- **INSTRUCTIONS FOR THE TASK**: Within the records that follow, restate exactly the lines from the line with "CONSTANCE - Canapé" down to the line with "Featuring a graceful", including both. Omit the pictures.

====== EXERCISE MATERIALS ======

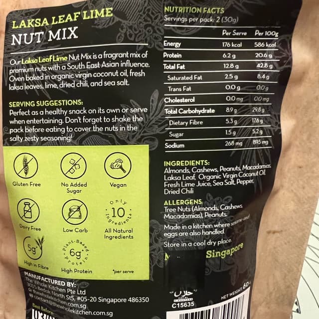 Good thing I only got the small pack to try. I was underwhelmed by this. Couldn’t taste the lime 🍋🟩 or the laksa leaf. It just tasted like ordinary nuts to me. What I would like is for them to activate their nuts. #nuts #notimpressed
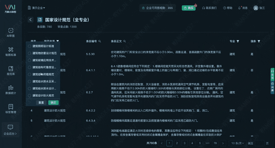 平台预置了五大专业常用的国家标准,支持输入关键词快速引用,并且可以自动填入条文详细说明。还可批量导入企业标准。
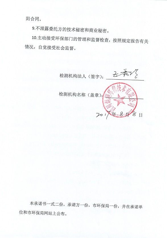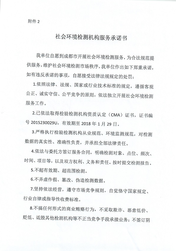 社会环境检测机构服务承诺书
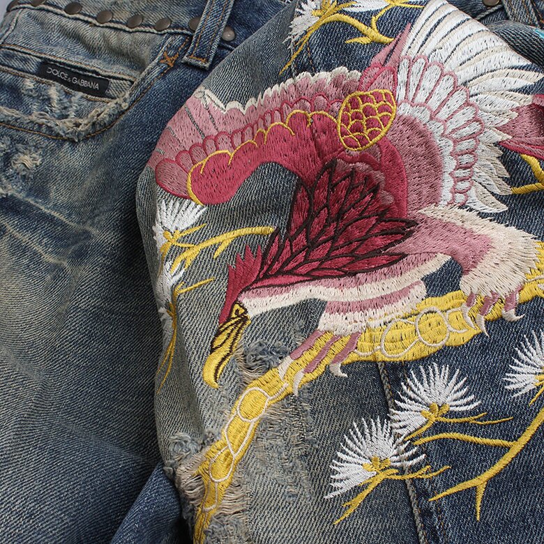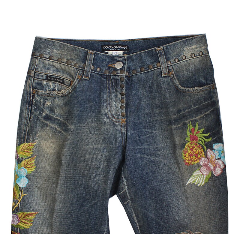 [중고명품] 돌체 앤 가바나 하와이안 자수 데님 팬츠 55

======
====== EXERCISE MATERIALS ======

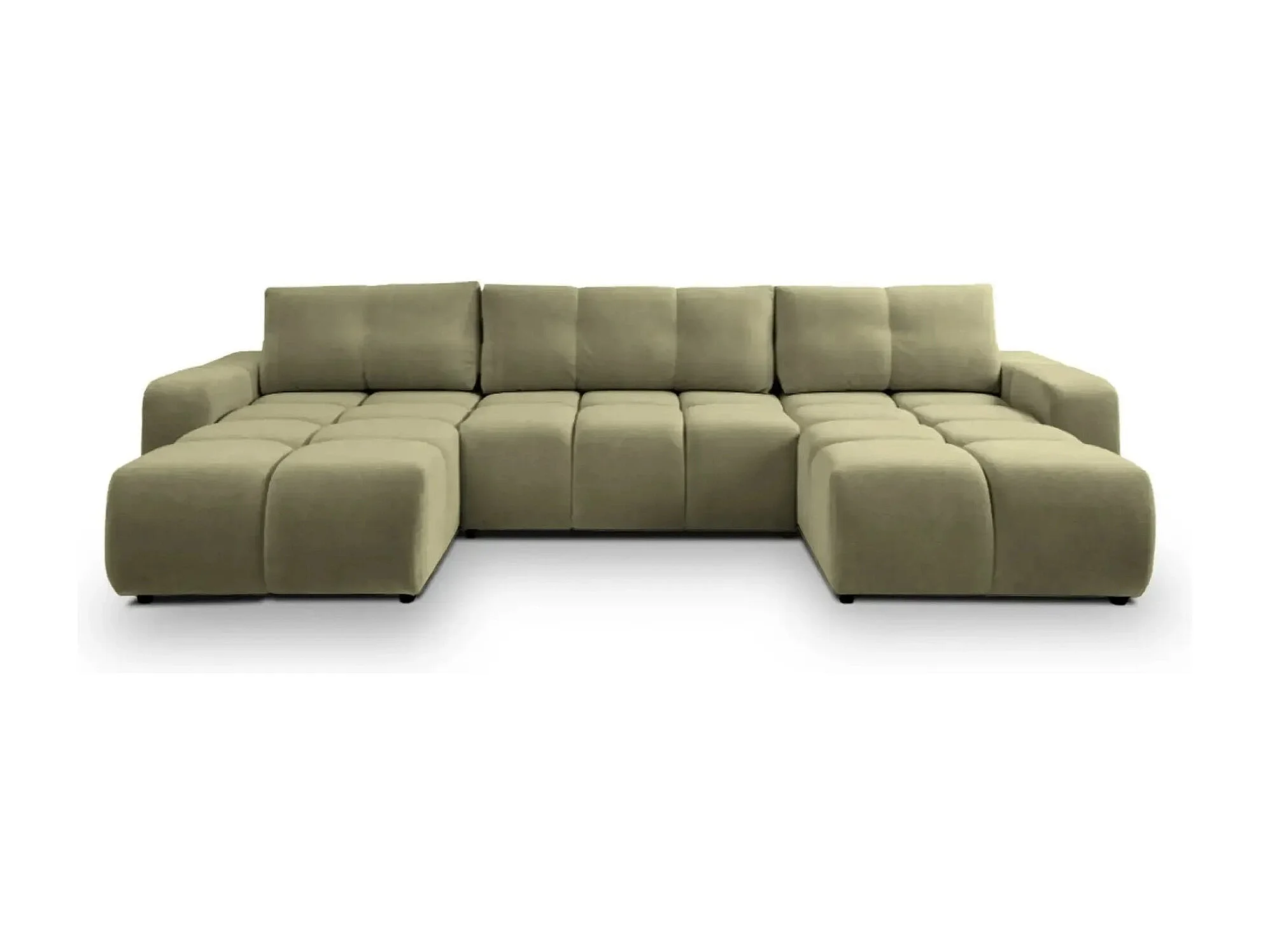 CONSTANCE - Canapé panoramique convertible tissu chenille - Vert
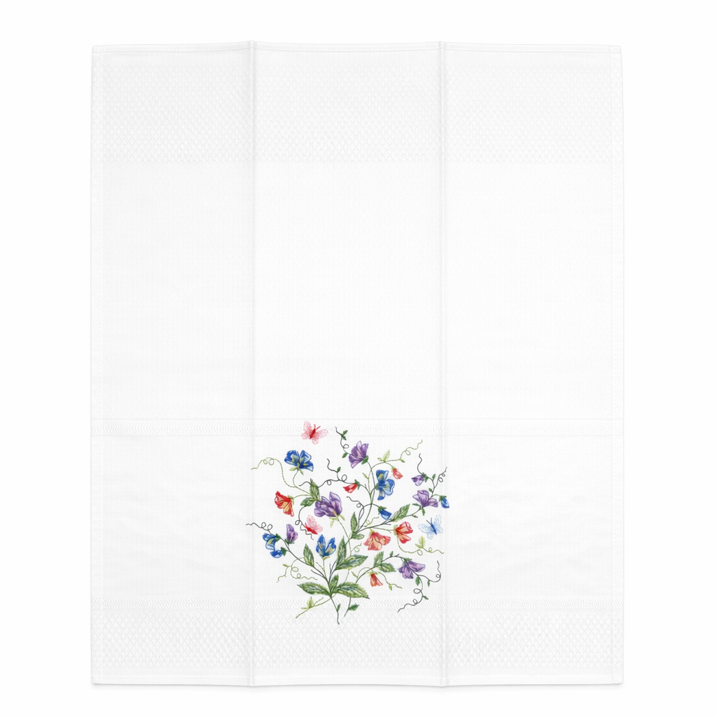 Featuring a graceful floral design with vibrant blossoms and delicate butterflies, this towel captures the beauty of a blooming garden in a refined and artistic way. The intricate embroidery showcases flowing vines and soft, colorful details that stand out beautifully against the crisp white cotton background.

======

- **COMPLETED EXERCISE**:
 CONSTANCE - Canapé panoramique convertible tissu chenille - Vert
 Featuring a graceful floral design with vibrant blossoms and delicate butterflies, this towel captures the beauty of a blooming garden in a refined and artistic way. The intricate embroidery showcases flowing vines and soft, colorful details that stand out beautifully against the crisp white cotton background.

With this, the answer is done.